[[ DATASET RECORDS open ]]

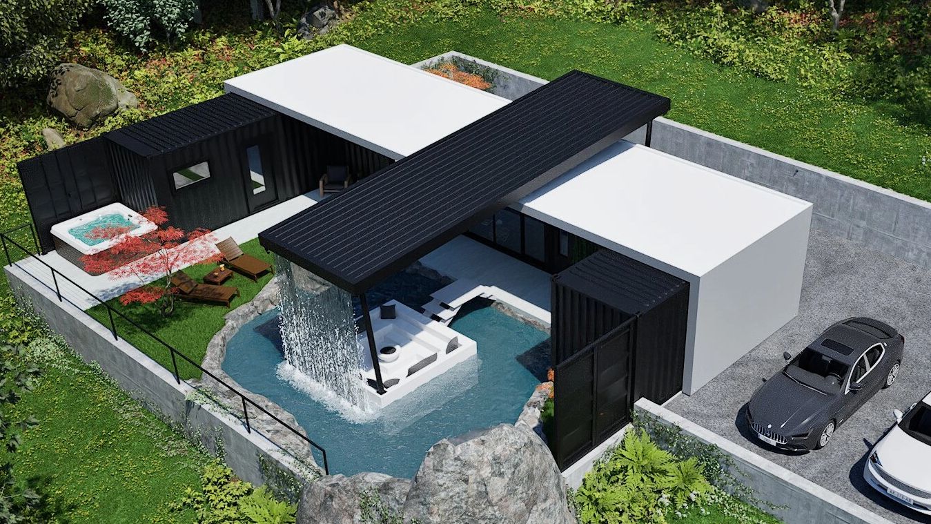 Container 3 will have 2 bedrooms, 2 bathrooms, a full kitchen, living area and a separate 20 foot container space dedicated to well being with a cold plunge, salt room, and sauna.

[[ DATASET RECORDS closed ]]
[[ DATASET RECORDS open ]]

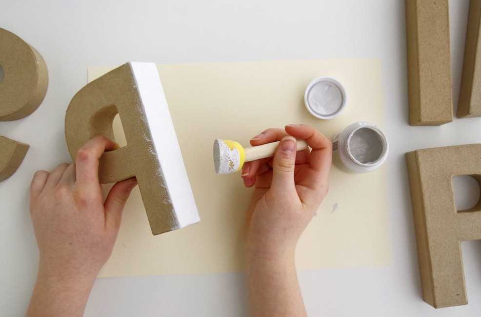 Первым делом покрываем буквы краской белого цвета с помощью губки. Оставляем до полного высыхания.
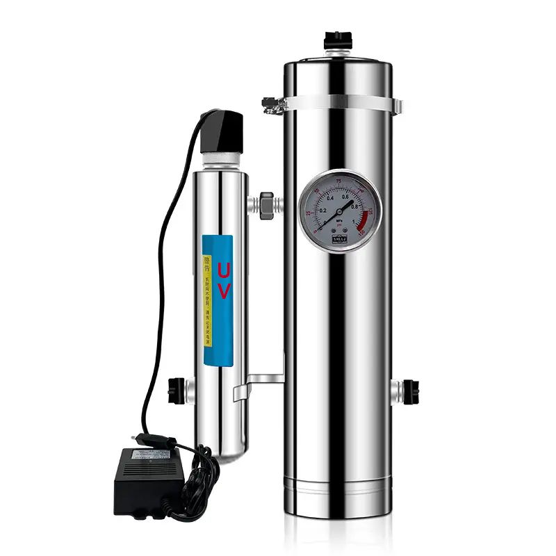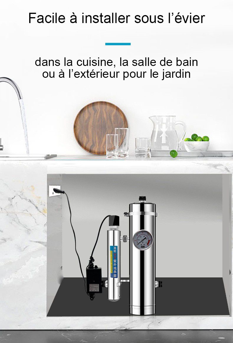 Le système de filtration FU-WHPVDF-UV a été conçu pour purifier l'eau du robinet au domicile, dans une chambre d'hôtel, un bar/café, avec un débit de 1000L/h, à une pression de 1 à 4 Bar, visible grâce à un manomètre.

[[ DATASET RECORDS closed ]]

- _WHAT YOU WILL DO_
Start at the line containing "Первым делом покрываем" above and stop at the line containing "Le système de". Output those lines exactly, both included, but none of the pictures.

- _ANSWER TO THIS EXERCISE_
 Первым делом покрываем буквы краской белого цвета с помощью губки. Оставляем до полного высыхания.
 Le système de filtration FU-WHPVDF-UV a été conçu pour purifier l'eau du robinet au domicile, dans une chambre d'hôtel, un bar/café, avec un débit de 1000L/h, à une pression de 1 à 4 Bar, visible grâce à un manomètre.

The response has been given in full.